Abstract
Objective. To evaluate the impact of a medication adherence activity on introductory pharmacy practice experience students’ perceptions of patient adherence as well as student development of empathy and confidence in patient counseling.
Design. Students participated in a personal medication simulation using an automated medication dispenser. Students then identified a patient with nonadherence and provided counseling on use of the dispenser. After 4 to 6 weeks, students interviewed the patient about their experience with the dispenser and assessed changes in adherence.
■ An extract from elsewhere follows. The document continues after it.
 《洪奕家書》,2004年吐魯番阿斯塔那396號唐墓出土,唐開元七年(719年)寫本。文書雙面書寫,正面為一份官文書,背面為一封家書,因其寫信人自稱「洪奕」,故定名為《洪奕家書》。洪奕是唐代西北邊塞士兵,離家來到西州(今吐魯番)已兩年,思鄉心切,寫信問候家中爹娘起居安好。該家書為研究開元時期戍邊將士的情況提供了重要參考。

Assessment. One hundred fifty-three students completed the assignment and 3 surveys instruments. Following the experience, the majority of students agreed or strongly agreed that they developed more empathy for patients with multiple medications and felt confident counseling a patient in the use of a dispenser (92.0% and 88.2%, respectively). Most students (91.4%) reported feeling that their patient education session was successful.
Conclusion. An introductory pharmacy practice experience involving an automated medication dispenser and patient counseling to improve medication adherence resulted in the development of empathy and improved student confidence.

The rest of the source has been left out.